- _YOUR INSTRUCTIONS_: In the entries that follow, find the line containing "Innova ice cream" and the line containing "Sacca in non", then retype exactly the lines from the first through the second, pictures excluded.

- _EXTRACTED MATERIAL_:
- Opening Delimiter -
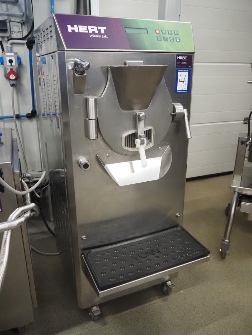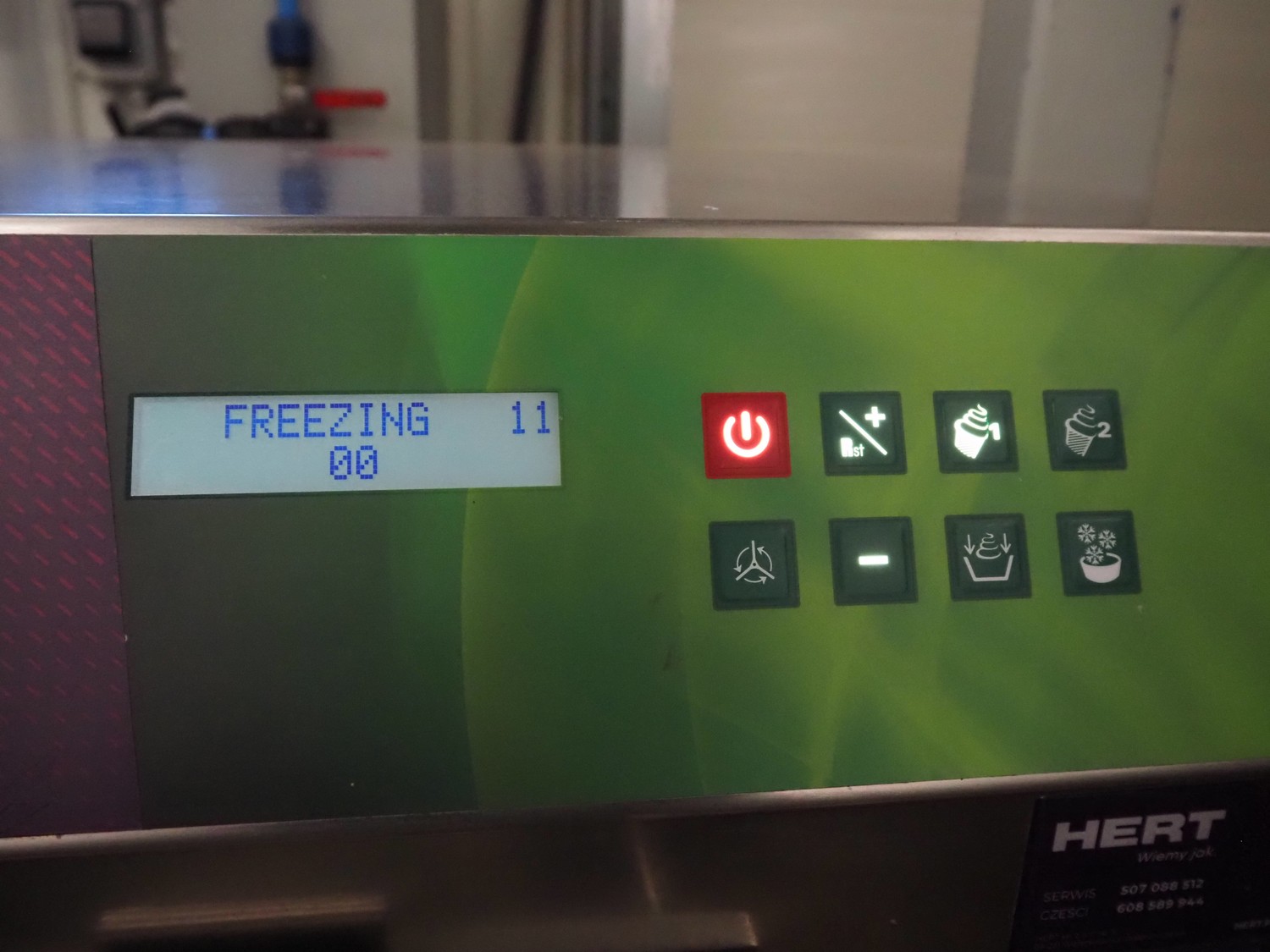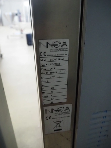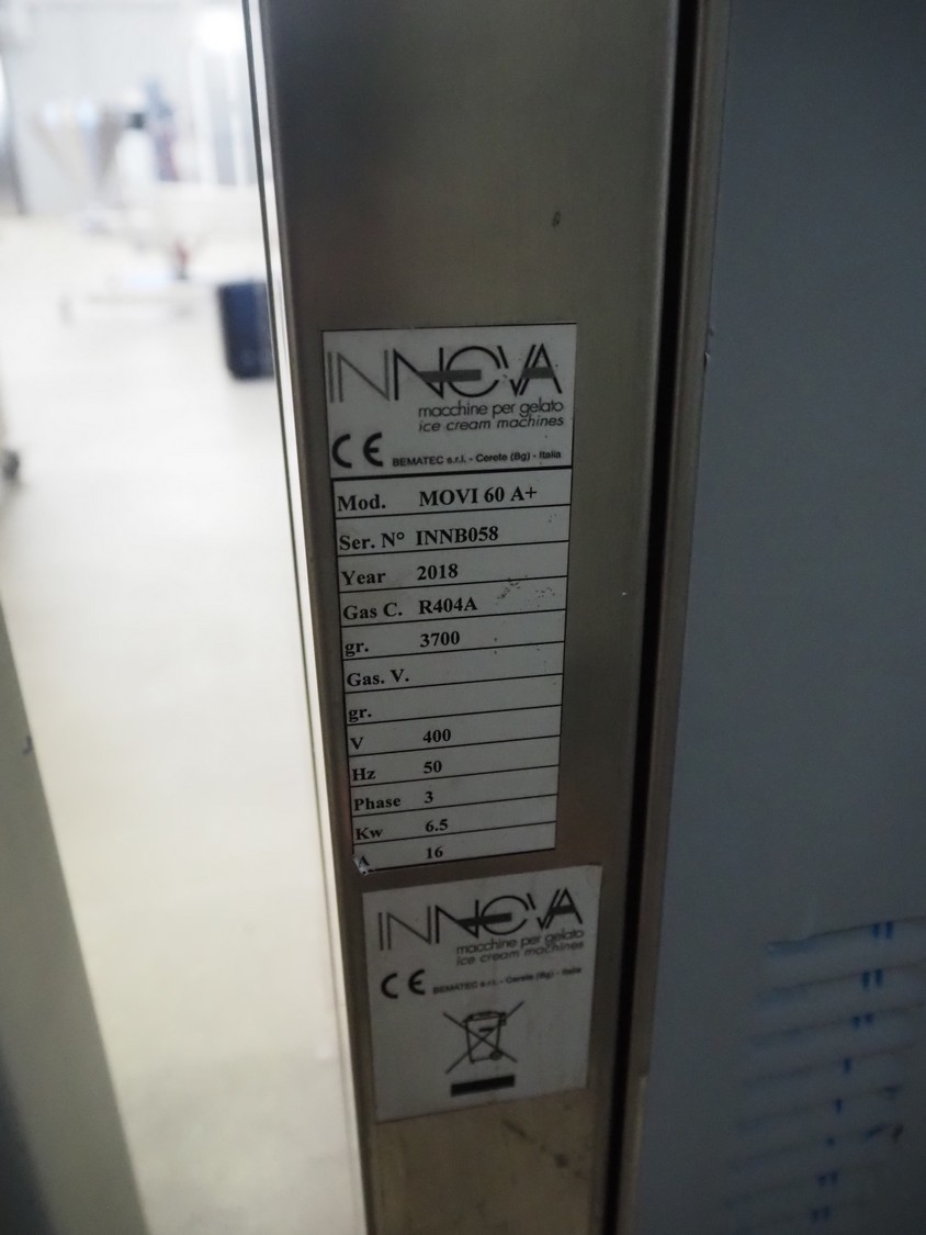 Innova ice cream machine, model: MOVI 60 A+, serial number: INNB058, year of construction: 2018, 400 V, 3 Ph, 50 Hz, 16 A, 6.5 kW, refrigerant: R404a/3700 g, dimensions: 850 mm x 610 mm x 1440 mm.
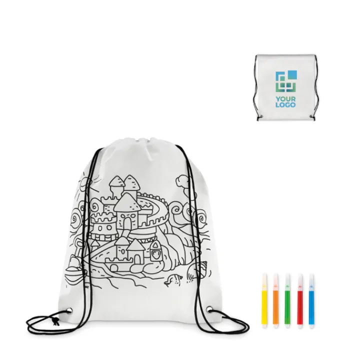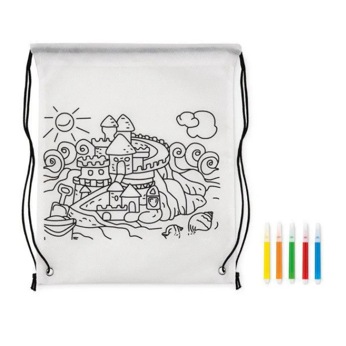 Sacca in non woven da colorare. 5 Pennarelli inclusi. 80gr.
- Closing Delimiter -
- Opening Delimiter -
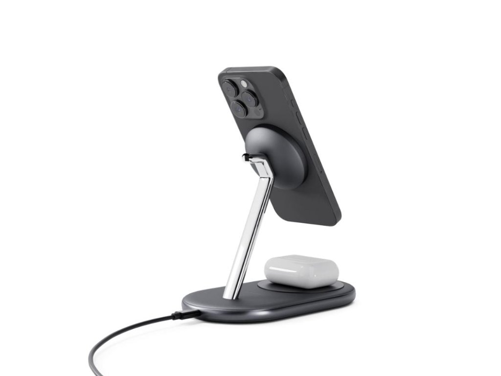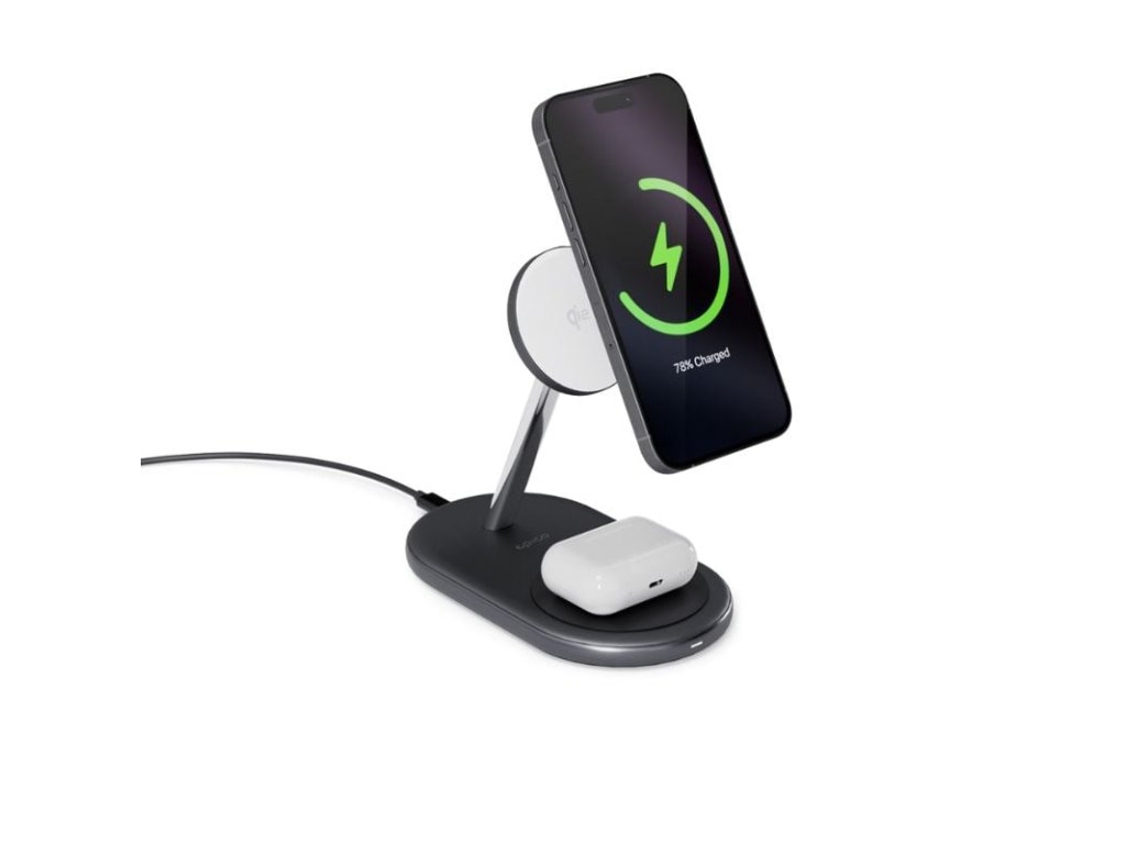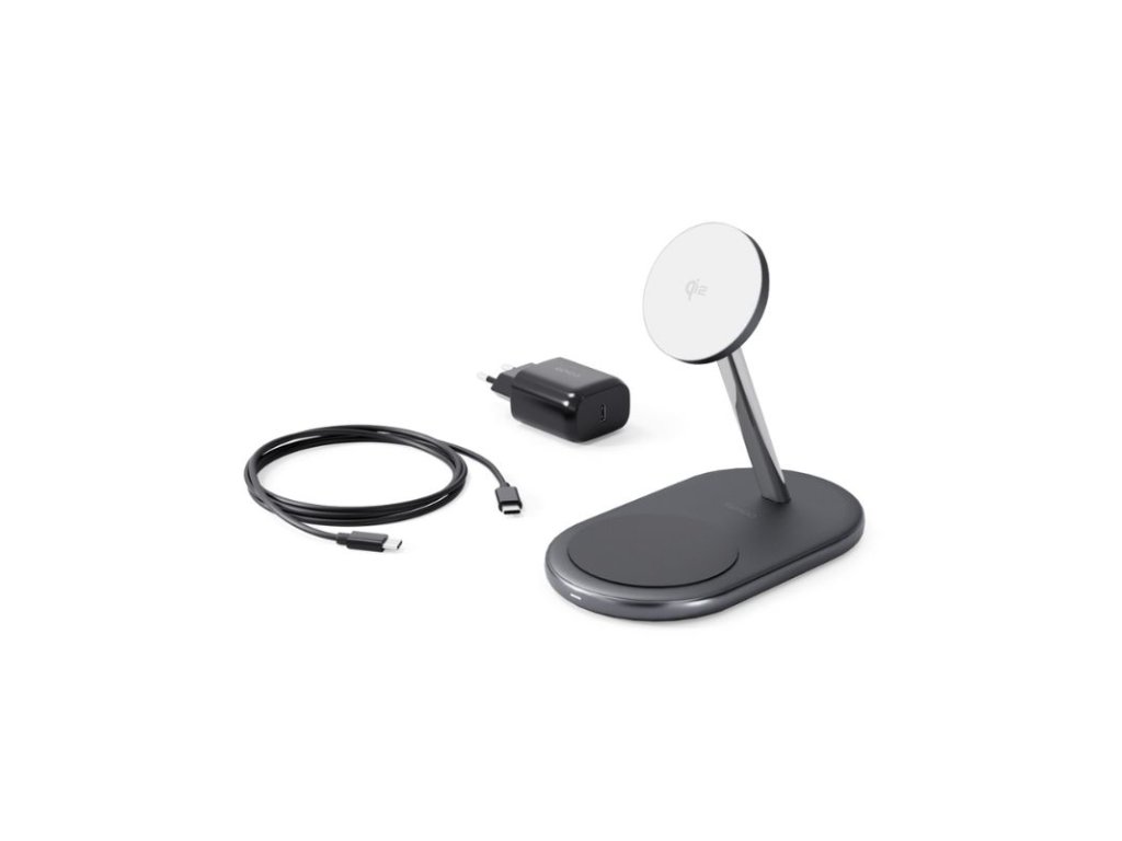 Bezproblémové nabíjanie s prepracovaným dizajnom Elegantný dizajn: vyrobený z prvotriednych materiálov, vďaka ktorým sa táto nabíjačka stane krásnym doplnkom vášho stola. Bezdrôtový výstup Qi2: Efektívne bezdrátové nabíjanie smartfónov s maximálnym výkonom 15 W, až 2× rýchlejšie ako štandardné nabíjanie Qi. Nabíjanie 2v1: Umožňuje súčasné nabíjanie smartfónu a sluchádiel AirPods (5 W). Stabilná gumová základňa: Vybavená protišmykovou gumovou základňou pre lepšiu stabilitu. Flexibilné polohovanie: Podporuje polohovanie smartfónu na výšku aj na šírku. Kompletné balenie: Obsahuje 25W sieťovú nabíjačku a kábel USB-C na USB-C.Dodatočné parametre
- Closing Delimiter -
- Opening Delimiter -
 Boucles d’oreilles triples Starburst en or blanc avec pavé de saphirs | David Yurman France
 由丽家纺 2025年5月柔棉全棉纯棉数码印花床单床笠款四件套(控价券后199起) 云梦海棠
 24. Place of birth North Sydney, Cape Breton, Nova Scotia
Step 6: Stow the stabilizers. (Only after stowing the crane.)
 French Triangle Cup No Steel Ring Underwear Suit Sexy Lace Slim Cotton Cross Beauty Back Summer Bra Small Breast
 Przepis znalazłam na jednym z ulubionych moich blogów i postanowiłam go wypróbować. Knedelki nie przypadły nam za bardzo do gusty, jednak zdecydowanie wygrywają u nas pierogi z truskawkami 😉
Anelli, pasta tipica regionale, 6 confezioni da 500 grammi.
- Closing Delimiter -
- _FINAL ANSWER_:
 Innova ice cream machine, model: MOVI 60 A+, serial number: INNB058, year of construction: 2018, 400 V, 3 Ph, 50 Hz, 16 A, 6.5 kW, refrigerant: R404a/3700 g, dimensions: 850 mm x 610 mm x 1440 mm.
 Sacca in non woven da colorare. 5 Pennarelli inclusi. 80gr.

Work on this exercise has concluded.